MemServe: Context Caching for Disaggregated LLM Serving with Elastic Memory Pool

Summary

This paper talks about MemServe, a new system designed to improve how large language models (LLMs) handle requests by using a technique called context caching and managing memory more efficiently. It aims to speed up the process of serving these models to users.

What's the problem?

Traditionally, LLMs operated in a stateless manner, meaning they didn't remember previous interactions. However, as these models evolved to be stateful, they needed better ways to manage memory and data between requests. The existing methods for handling memory were not efficient enough, leading to slower response times and wasted resources when serving multiple requests.

What's the solution?

To solve this problem, the authors introduced MemServe, which includes a component called MemPool. MemPool is an elastic memory pool that manages memory and key-value (KV) caches across different instances of the model. This allows MemServe to combine context caching (storing information from previous interactions) with disaggregated inference (processing parts of the model separately). Additionally, MemServe uses a global scheduler that helps optimize how cached information is reused, making the system faster and more efficient.

Why it matters?

This research is important because it enhances the performance of large language models by improving how they manage memory and respond to user requests. By making these models faster and more efficient, MemServe can help applications that rely on LLMs—such as chatbots, virtual assistants, and other AI-driven services—provide better user experiences.

Abstract

Large language model (LLM) serving has transformed from stateless to stateful systems, utilizing techniques like context caching and disaggregated inference. These optimizations extend the lifespan and domain of the KV cache, necessitating a new architectural approach.

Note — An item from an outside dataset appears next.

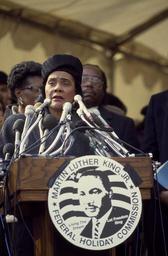 | Keywords: Dr. Martin Luther King, Jr.'s widow, Coretta Scott King, speaks at a 1988 event in which a time capsule holding some of Dr. King's possessions is lowered into the ground at Freedom Plaza on LCCN2011632686.tif 1 transparency color ; 4 x 5 in or smaller Notes Credit line Photographs in the Carol M Highsmith Archive Library of Congress Prints and Photographs Division ; Forms part of the Selects Series in the Carol M Highsmith Archive ; Gift and purchase; Carol M Highsmith; 2011; DLC/PP-2011 124 ; Title date and keywords provided by the photographer ; Photograph taken during the 1980s ; Digital image produced by Carol M Highsmith to represent her original film transparency; some details may differ between the film and the digital images 1988 Creator Carol M Highsmith Library of Congress Catalog http //lccn loc gov/2011632686 Image download https //cdn loc gov/master/pnp/highsm/17200/17272a tif Original url http //hdl loc gov/loc pnp/highsm 14492 No known restrictions on publication LOC-image highsm 14492 220px PD-Highsmith Images uploaded by Fæ Photographs by Carol M Highsmith |
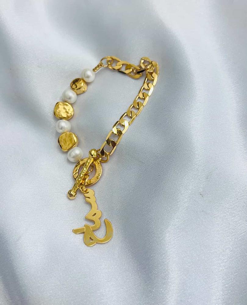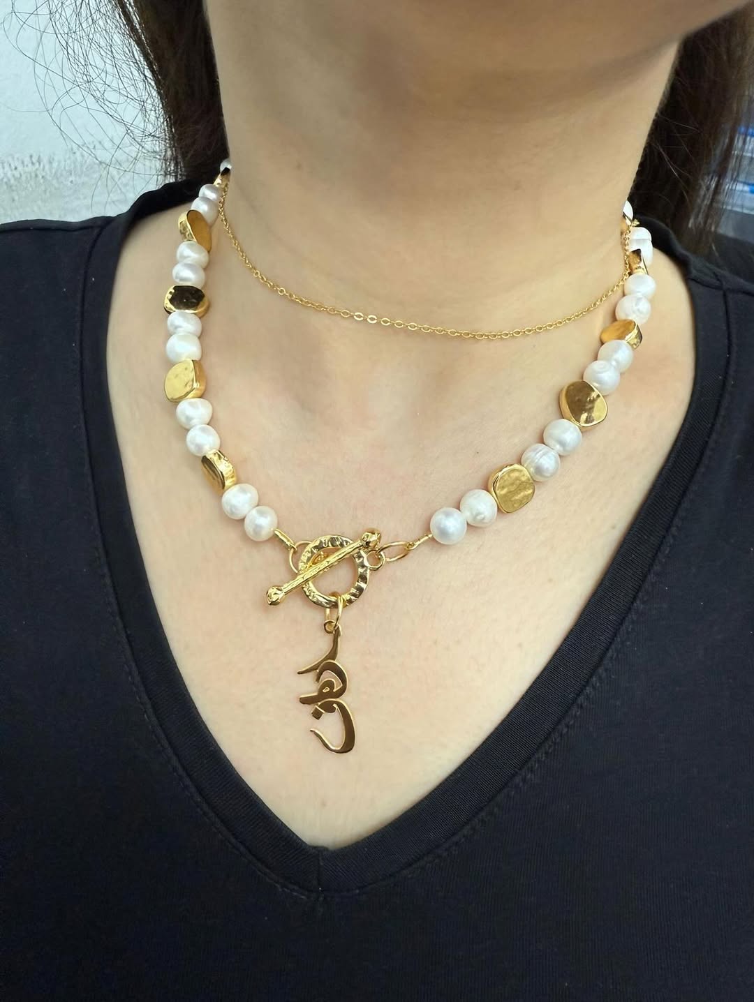 قلادة اسم مزدوجة باللؤلؤ مطلية

We present MemServe, a unified system that integrates both inter-request and intra-request optimizations. MemServe introduces MemPool, an elastic memory pool managing distributed memory and KV caches across serving instances. Using MemPool APIs, MemServe combines context caching with disaggregated inference for the first time, supported by a global scheduler that enhances cache reuse through a global prompt tree-based locality-aware policy. Tests show that MemServe significantly improves job completion time and time-to-first-time.